**BRIEF**
The expected answer is the full listing, repeated exactly and free of images.

**DATA BELOW**
_ _ _ _ _
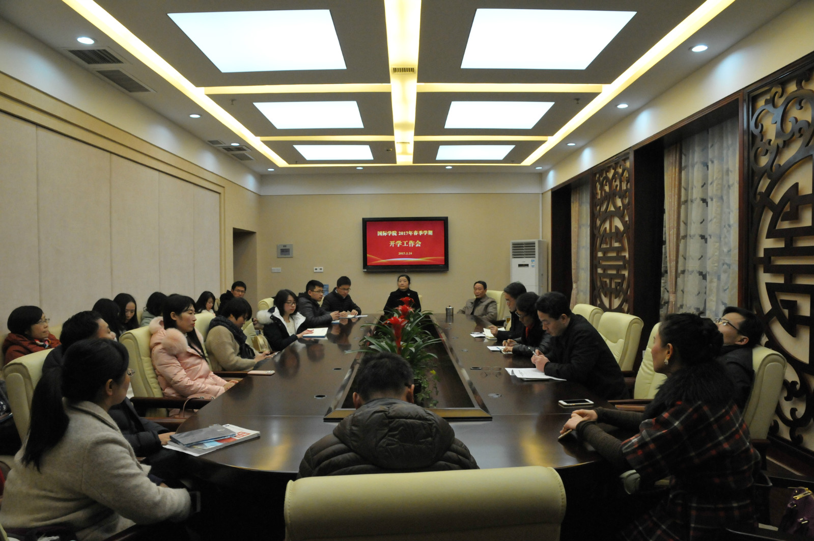 刘猛书记通报了寒假以来公司的基本情况并传达了公司巡视整改工作动员部署会的精神。1月22日组织了职工春节团拜会,受到广泛好评。寒假期间,重新装修了紫云楼健身房并添置了新的器械,为职工提供了更加舒适的健身环境。同时,维修了紫云楼教室和宿舍渗水墙面,全面检修了大楼内的设施设备,及时处理了紫云楼热水供应不及时等问题。汉教系制定了新学期课程计划表,学工办启动了新学期迎新工作,公司召开了新学期第一次党政联席会。
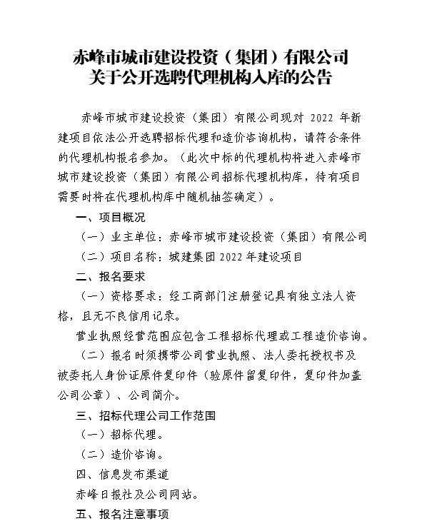 上一篇:赤峰市城市建設(shè)投資(集團(tuán))有限公司 關(guān)于公開(kāi)選聘資產(chǎn)評(píng)估機(jī)構(gòu)的公告
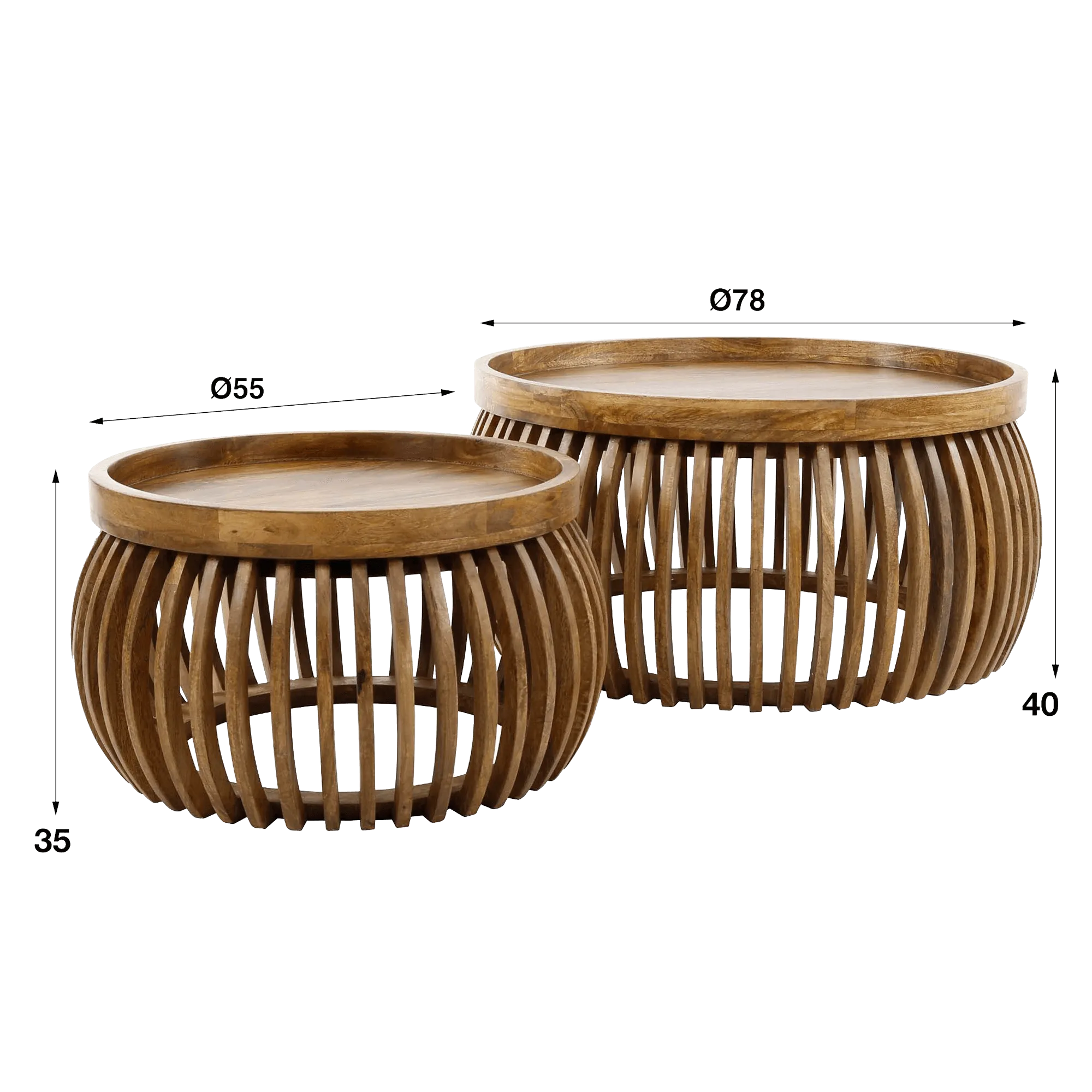 Lot de 2 tables basses rondes en bois de manguier massif - Orbit 78/55 x 78/55 x 40/35 cm
_ _ _ _ _
**WRITTEN ANSWER**
 刘猛书记通报了寒假以来公司的基本情况并传达了公司巡视整改工作动员部署会的精神。1月22日组织了职工春节团拜会,受到广泛好评。寒假期间,重新装修了紫云楼健身房并添置了新的器械,为职工提供了更加舒适的健身环境。同时,维修了紫云楼教室和宿舍渗水墙面,全面检修了大楼内的设施设备,及时处理了紫云楼热水供应不及时等问题。汉教系制定了新学期课程计划表,学工办启动了新学期迎新工作,公司召开了新学期第一次党政联席会。
 上一篇:赤峰市城市建設(shè)投資(集團(tuán))有限公司 關(guān)于公開(kāi)選聘資產(chǎn)評(píng)估機(jī)構(gòu)的公告
 Lot de 2 tables basses rondes en bois de manguier massif - Orbit 78/55 x 78/55 x 40/35 cm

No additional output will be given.